EXAMPLE OF TOOLS FOR MAKING BOWS AND ARROWS
STARTING ABOUT 50,000 YEARS AGO
Here is a description of one specialized tool used just for making an arrowhead. Making the arrow, the bow and bow string required many more tools, materials and steps.
"A billet is a specialized tool designed for making arrowheads.
It is cylindrical and usually made from hard wood or antlers."
Here is a recent article about a study at the University of Tuebingen as reported by the DailyMail in the UK.
Researchers from the University of Tuebingen say that...making the bow [ED: in Paleolithic times] took 22 raw materials and three semi-finished goods (binding materials and multi-component glue) as well as five production phases. Further steps were needed to make the complementary arrows, reports the Cambridge Archaeological Journal.Other primates such as chimps are able to use tools, but complex processes such as making bows are beyond them. http://www.dailymail.co.uk/sciencetech/article-2170895/Inventing-bows-arrows-took-early-humans-TWO-MILLION-years.html
CONCLUSION
"Time" is the most used noun in the English language according to the
Concise Oxford English Dictionary -- which attests to its importance. I assume that it is also the most used noun in many other languages as well.

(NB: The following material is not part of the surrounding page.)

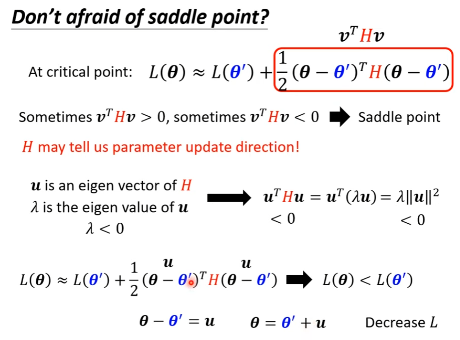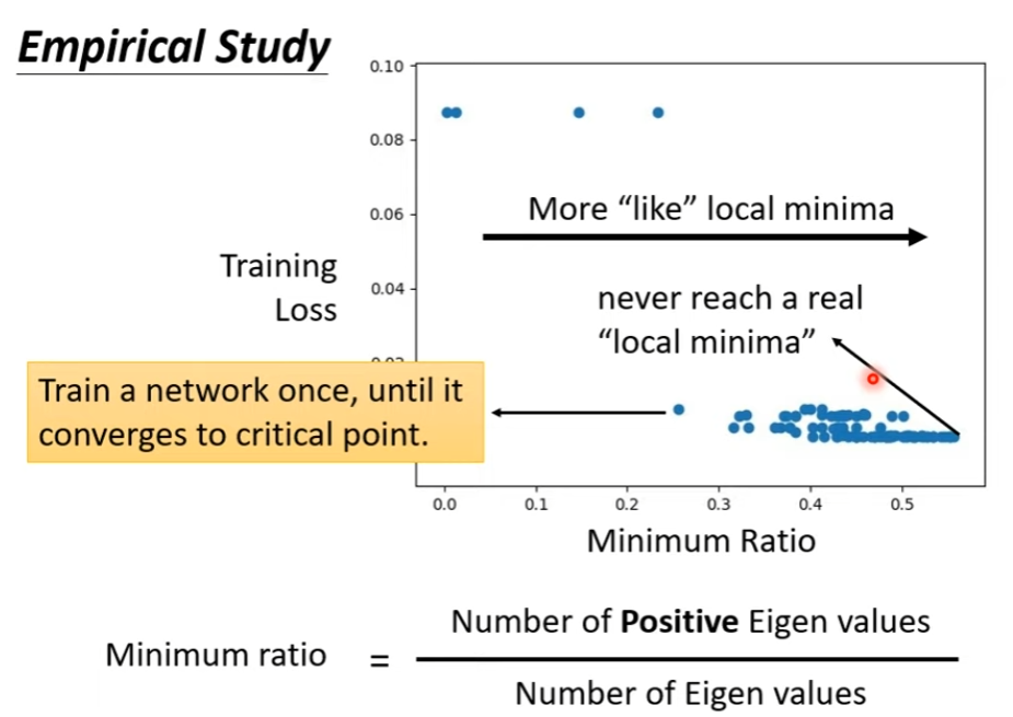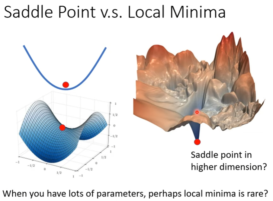 Yes! 实际 Local Minima 并没有那么常见,很多时候我们是卡在了一个 Saddle Point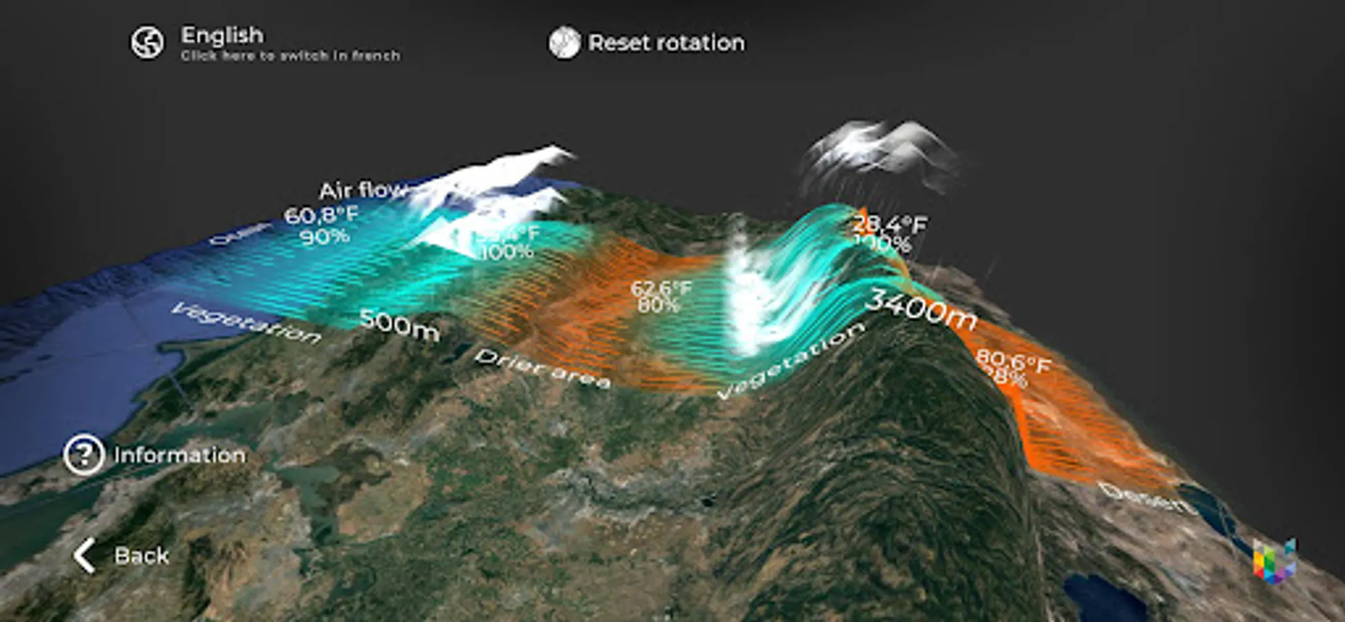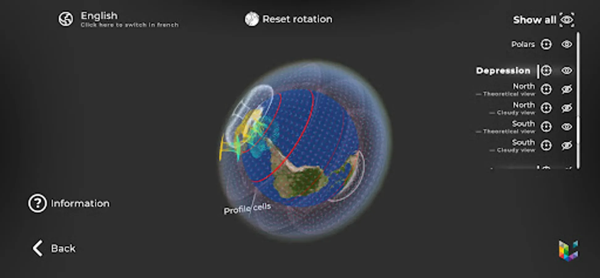 It helps to understand the distribution of climates on Earth according to Peel's classification (2007) and of the general atmospheric circulation thanks to the 3D animation in augmented reality animation :

#1. A concept of time appears to be fundamental to all languages.
#2. It seems quite likely that our understanding of time and our ability to work with, manage, navigate and coordinate time comes in large part from language.
#3. In addition it seems likely that each society's particular understanding of time is a direct reflection of the specific language that is spoken -- and that the time structure/metaphors in each society have been created by that language.

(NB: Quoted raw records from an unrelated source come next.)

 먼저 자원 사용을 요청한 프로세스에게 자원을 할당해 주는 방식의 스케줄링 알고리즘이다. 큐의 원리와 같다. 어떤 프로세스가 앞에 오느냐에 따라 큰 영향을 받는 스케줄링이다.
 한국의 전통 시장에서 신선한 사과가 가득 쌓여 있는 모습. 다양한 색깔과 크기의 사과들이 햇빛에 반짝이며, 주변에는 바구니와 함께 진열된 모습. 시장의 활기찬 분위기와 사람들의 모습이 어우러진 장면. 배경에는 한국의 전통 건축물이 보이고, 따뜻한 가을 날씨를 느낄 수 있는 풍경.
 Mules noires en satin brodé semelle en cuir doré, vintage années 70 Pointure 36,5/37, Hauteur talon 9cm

#4. The conception of time will be different from language to language and culture to culture.
#5. If we want an overall understanding of how humans relate to time, a study of the world's languages is a good place to start.
AFTERWORD
When I was eighteen I saw the movie, The Miracle Worker. The story was about the blind, deaf and dumb Helen Keller who suddenly comprehended language after having lived in a kind of primeval darkness all of her life.

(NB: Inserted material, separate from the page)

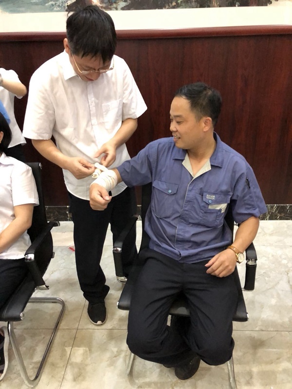 此次培訓(xùn)由海寧市紅十字會(huì)的兩名培訓(xùn)講師主持。上午,通過多媒體放映的形式,為學(xué)員們講解了紅十字以及一些常用的急救知識(shí),包括骨折的固定與搬運(yùn)、止血的基本常識(shí)、現(xiàn)場急救心肺復(fù)蘇、人工呼吸等;隨后運(yùn)用人體模型,進(jìn)行現(xiàn)場演示教學(xué);邀請(qǐng)學(xué)員進(jìn)行現(xiàn)場實(shí)操,了解突發(fā)事故的現(xiàn)場救助流程;安排了互動(dòng)環(huán)節(jié),學(xué)員們積極提問,講師們耐心回答,現(xiàn)場氣氛活躍。下午進(jìn)行了考試。經(jīng)兩名培訓(xùn)師確認(rèn),參加本次培訓(xùn)的學(xué)員考試全部合格,均可獲得“紅十字救護(hù)員證”。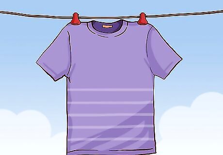 Hang dry your clothes. It's always best to allow work out clothing to air dry. They are less likely to stretch out this way. You should also hang dry your clothing if you don't have time to do laundry after a work out. Sweaty clothing should be hung up somewhere in your home. If you don't already have one, invest in a clothing rack. This is important if work out frequently, as you'll need somewhere to hang dry your clothes.

In the key scene her tutor, who had been unable to find a way to communicate with Helen, splashed water on her hand while spelling out the word water on the other hand. All at once the intelligent Helen 'got it' and the world of words, the world where everything had a name, opened up for her. And it was one of those moments for me as a movie goer when chills ran down my spine -- to see a person step from an inner darkness into light.
Here is what Helen said about that experience:
Some one was drawing water and my teacher placed my hand under the spout. As the cool stream gushed over one hand she spelled into the other the word water, first slowly, then rapidly. I stood still, my whole attention fixed upon the motions of her fingers. Suddenly I felt a misty consciousness...and somehow the mystery of language was revealed to me. I knew then that "w-a-t-e-r" meant the wonderful cool something that was flowing over my hand. That living word awakened my soul, gave it light, hope, joy, set it free!
A few years ago, writing for this blog, I read what Helen had to say about time when she went from being wordless to knowing language. The following is from her 1908 autobiography The World I Live In.
(This is an edited composite of things she said)
Once I knew only darkness and stillness.
My inner life, then, [ED: before language] was...without past, present, or future.
It was not night—it was not day. . . . . .
But vacancy absorbing space,
And fixedness, without a place;
There were no stars—no earth—no time—
When I read these words, I realized that before Helen understood language she had no sense of time. And after she understood what language was about, that every object had a name for example. But in addition she also understood the concept of time past, present and future -- and that each object existed in time.